DTD vs. XML Schema
AShocka writes "The W3C XML Schema Working Group has released the first public Working Draft of Requirements for XML
Schema 1.1. Schemas are technology for specifying and constraining
the structure of XML documents. The draft adds functionality and
clarifies the XML Schema Recommendation Part 1 and Part 2. The XML Schema Valid FAQ
highlights development issues and resources using XML Schema. This article at webmasterbase.com addresses the
XML DTDs Vs XML Schema issue.
Also see the W3C Conversion Tool from DTD to XML Schema
and other XML Schema/DTD Editors."
While the W3 continues to push Schema, they are also forming working groups for RELAX after pressure from XML luminaries such as James Clark.
XML Schema is also kinda whacked. It shows all the signs of being a committee specification.
The big problem with schema is that you actually have two type systems going. Element definitions are types for elements. Type definitions are actualy types for types for elements. I saw a hopelessly confused attempt by some UML people to express XML schema in UML, they simply could not understand that there was no way it could ever work. UML has completely different semantics.
There are a bunch of schema proposals that folk have said good things about. Eve keeps telling me I should look at Relax. But for the time being XML schema is going to be the basis for standards in W3C and OASIS.
There might be an opportunity to do a clean up job on XML schema in 4 or 5 years but that will only happen if it is causing real problems.
Looking for an Information Security student project suggestion?
Try http://dotcrimeManifesto.com/
Better yet, use S-Expressions.
There are tons of parsers available.
markup is simple:
(this_is_the_tag
this is all data
(except_this_is_a_nested_tag with still more data))
Even better still, there are customizable parsers available that can treat these S-Expression as data OR interpret them as program OR a combination of both. One such parser is called "Lisp". Once again, several implementations are available.
Note that things like S-Expressions and Lisp have only been around for 40 years so you might want to give these technologies some time to mature.
It's occurred to me maybe we are being too diligent in actually validating the schema itself, but I'm wondering what others think?

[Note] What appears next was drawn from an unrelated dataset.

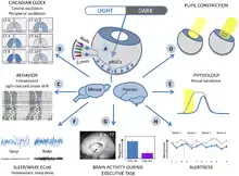 In neuroanatomy, the retinohypothalamic tract (RHT) is a photic neural input pathway involved in the circadian rhythms of mammals.[1] The origin of the retinohypothalamic tract is the intrinsically photosensitive retinal ganglion cells (ipRGC), which contain the photopigment melanopsin. The axons of the ipRGCs belonging to the retinohypothalamic tract project directly, monosynaptically, to the suprachiasmatic nuclei (SCN) via the optic nerve and the optic chiasm.[lower-alpha 1][2] The suprachiasmatic nuclei receive and interpret information on environmental light, dark and day length, important in the entrainment of the "body clock". They can coordinate peripheral "clocks" and direct the pineal gland to secrete the hormone melatonin.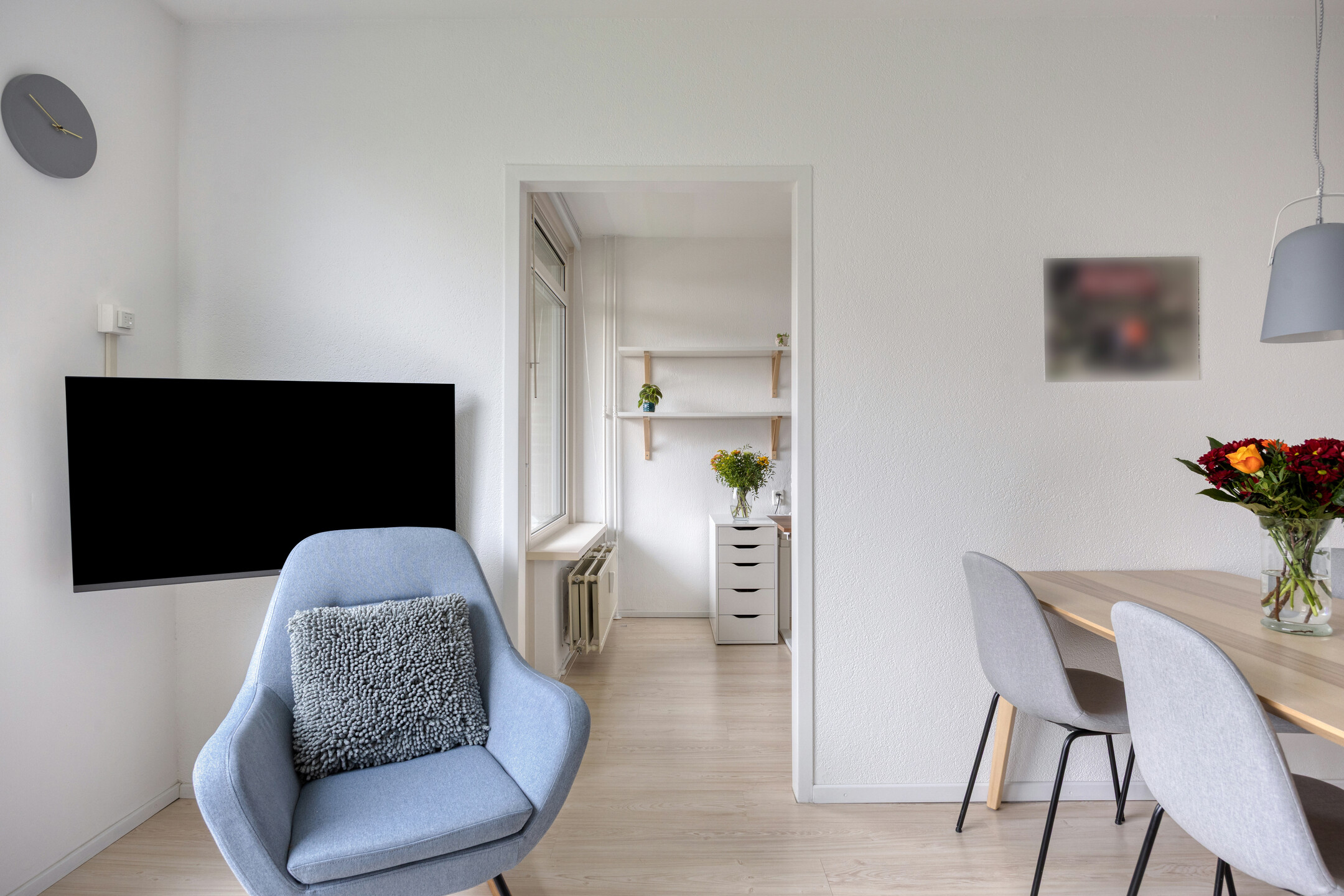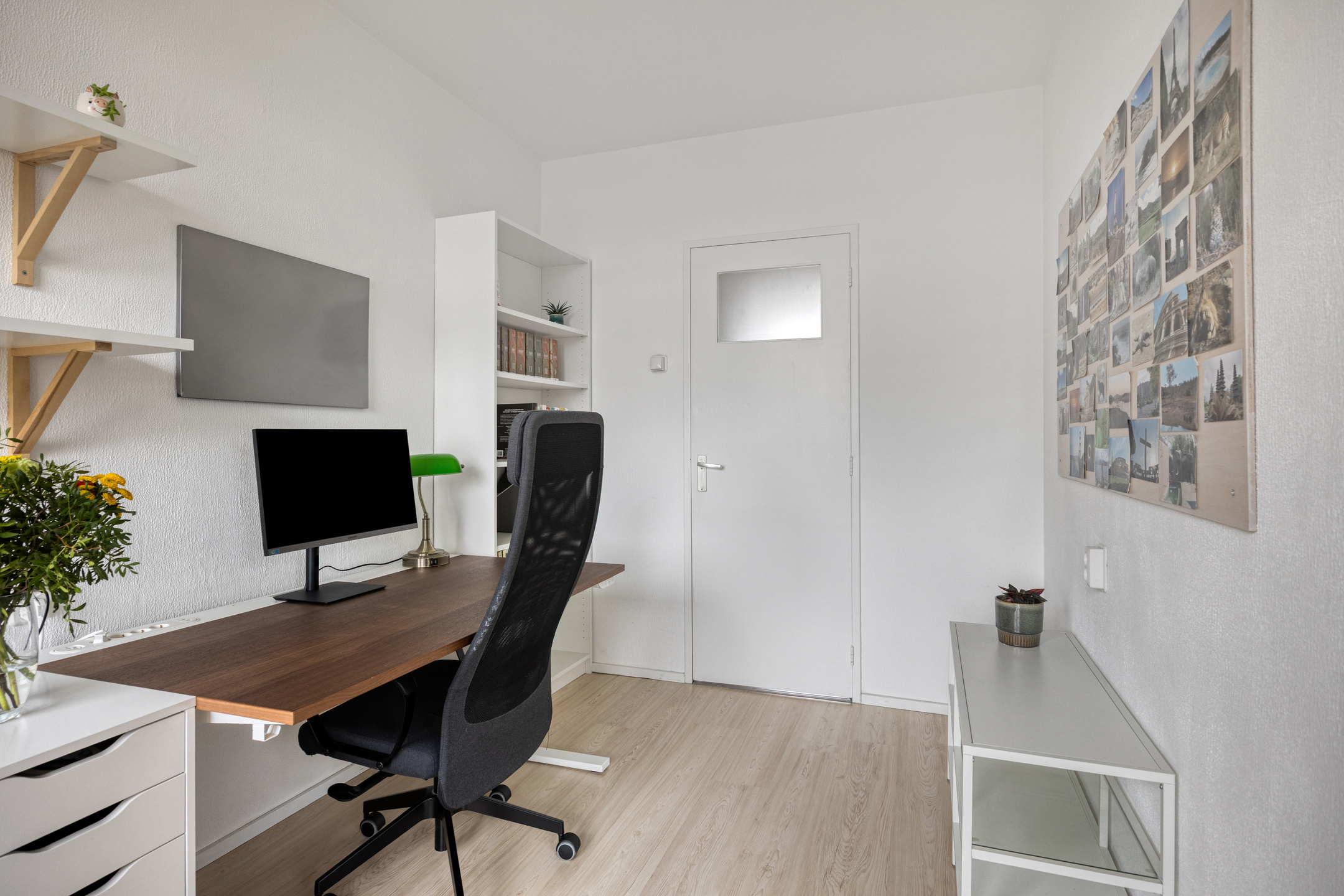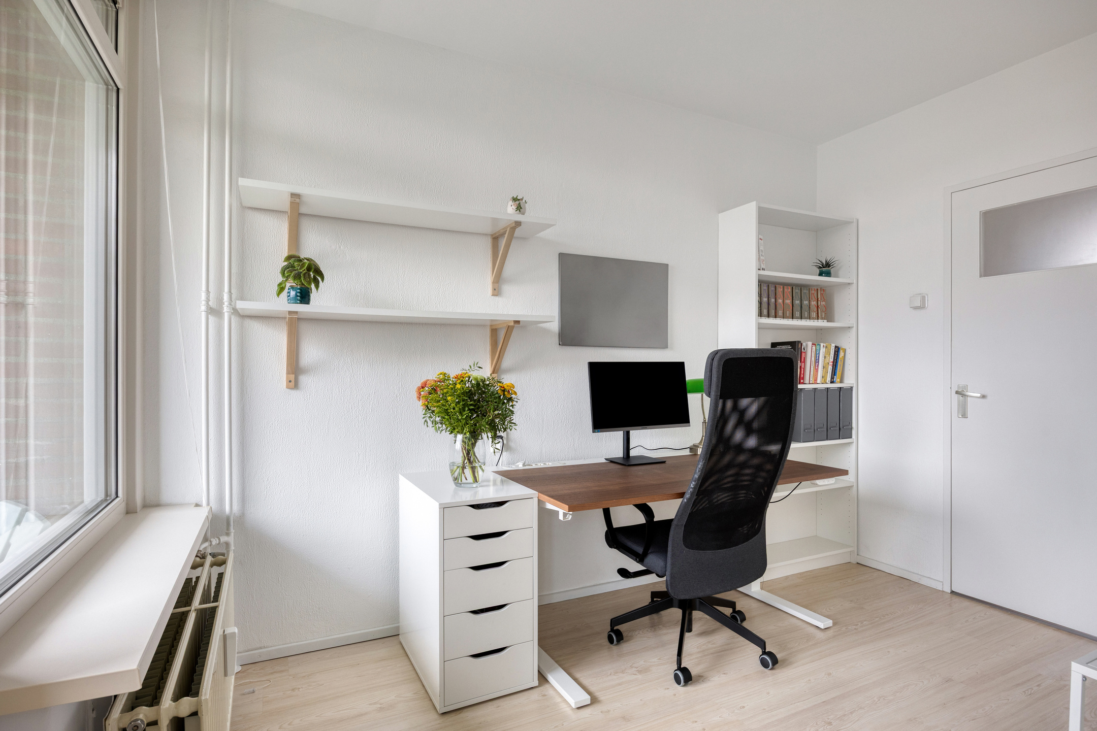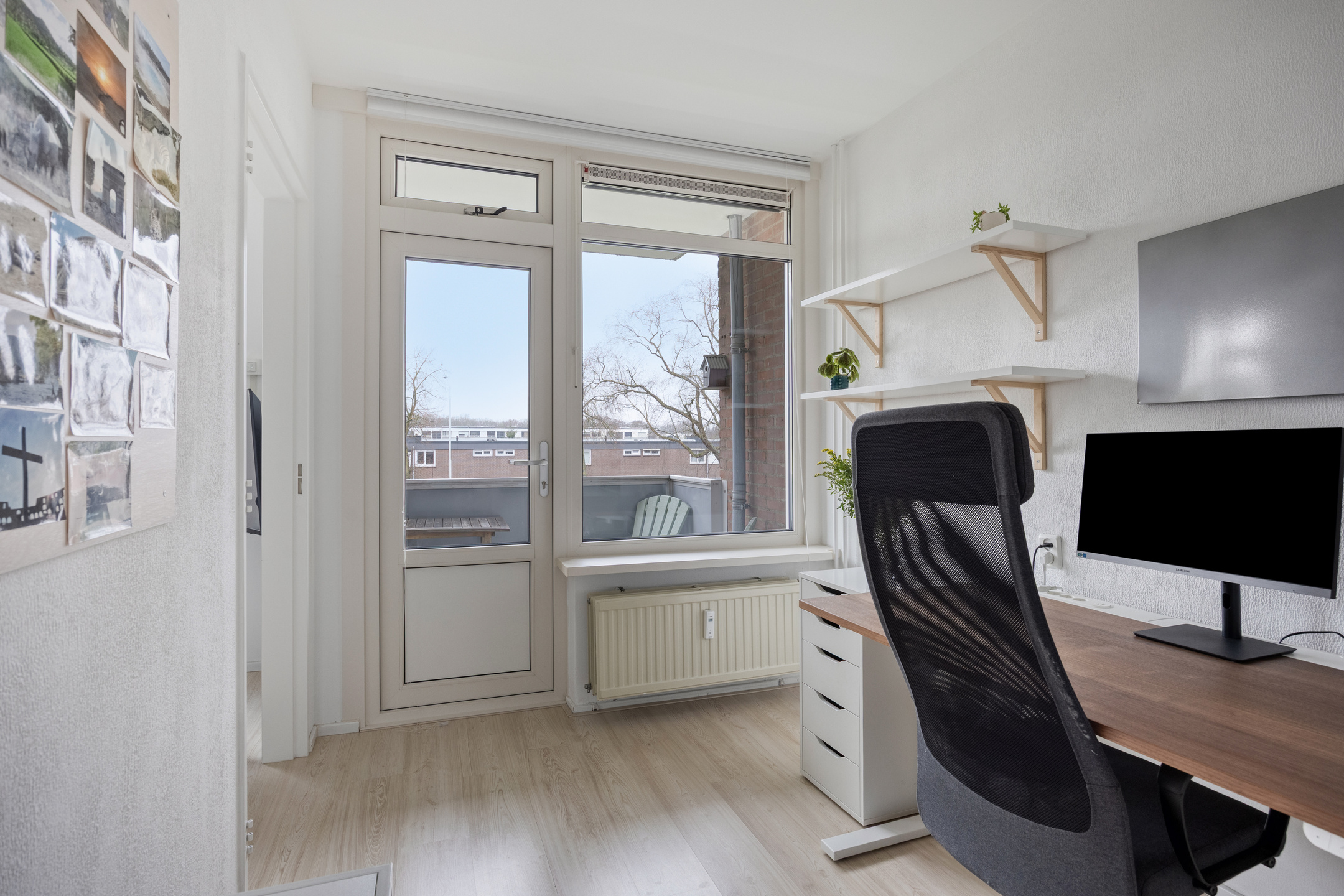 De woonkamer is licht en prettig van formaat, met ruimte voor zowel een zit- als eethoek. De grote raampartijen zorgen voor veel daglicht en een vrij uitzicht, wat het woongevoel extra aangenaam maakt. De woonkamer loopt door in de voormalige tweede slaapkamer welke momenteel is ingericht als werkplek, maar kan eenvoudig weer op deze wijze worden gebruikt door het terugplaatsen van een deur. Vanuit deze kamer is er toegang tot het eerste balkon.

I can't believe nobody's mentioned this yet. Microsoft has a tool that will do several things:
This makes writing your XSD almost trivial. The code-generation capabilities are very powerful, as well, as you can generate runtime classes for serialization/deserialization or classes derived from DataSet so you can treat XML files like any other database, etc. It's very useful if you're doing any
I'd be very surprised if there weren't other tools out there doing similar things. I simply mentioned xsd.exe because that's what I'm familiar with.
Great thing about Lisp, is if you need to convert your communications, you can write Lisp against it to convert it while you convert your Lisp source.. easily.
I plopped an XSLT processor in front of it. Took minutes to implement. In the mean time, I was able to properly rewrite the XML producing code. So I had some flexibility in terms of patching the protocol quickly, while taking the weeks I needed to fix things right.
I plopped a Lisp processor in front of it. Took minutes to implement. In the mean time, I was able to properly rewrite the Lisp producing code. So I had some flexibility in terms of patching the protocol quickly, while taking the weeks I needed to fix things right.
the point is, XML IS descriptive, so long as you use good names.
the point is, Lisp IS descriptive, so long as you use good names.
If you use XML to develop a lower level protocol you end up with bloated 10k messages.
If you use Lisp S-expressions to develop a lower level protocol you don't end up with bloated 10k messages.
Besides, in Common Lisp you'll really appreciate MOP - Meta-Object Protocol. Much better than SOAP.
Trust me, I know well, actively use and actually love both Lisp *AND* XML.
Less is more !
that the same applications of XML that drive the keening about bloat and hype seen in these comments are precisely those which are driving the specs to the wrong side of the 80/20 for XML/XSL's original goals: bringing the semantic power of SGML and DSSSL to the Web. Goals for which its purist cousins RelaxNG, REST, et. al. remain admirably suited.
The back-end curmudgeons are right, XML stinks for a universal wire format. But for loosely-coupled, message-based, semantically-rich systems it is hard to beat. And document-oriented systems which don't use XML barely deserve notice any longer.
I gently refer s-expression trolls to paul and oleg
illegitimii non ingravare
There are tons of parsers available.
How does one specify the character set in some, imagined or real, S-Expression markup? Do these "tons of parsers" support Unicode at least? Where to put processing instructions? Character entities? External entities? "Raw data" sections with markup suppressed? How does one specify the document type identifier? Namespaces? All these things fulfill important tasks for XML to be an universal, yet concise, markup language, and all this can make your dreamt-up S-Expression language as contrived as XML is sometimes perceived to be.Attributes, I presume, are out of our concern? You note that the means for syntactic description of data trees are around for 40 years. Yet there was yearning for something more... handy, or something. Doesn't it give any hint to you?
My exception safety is -fno-exceptions.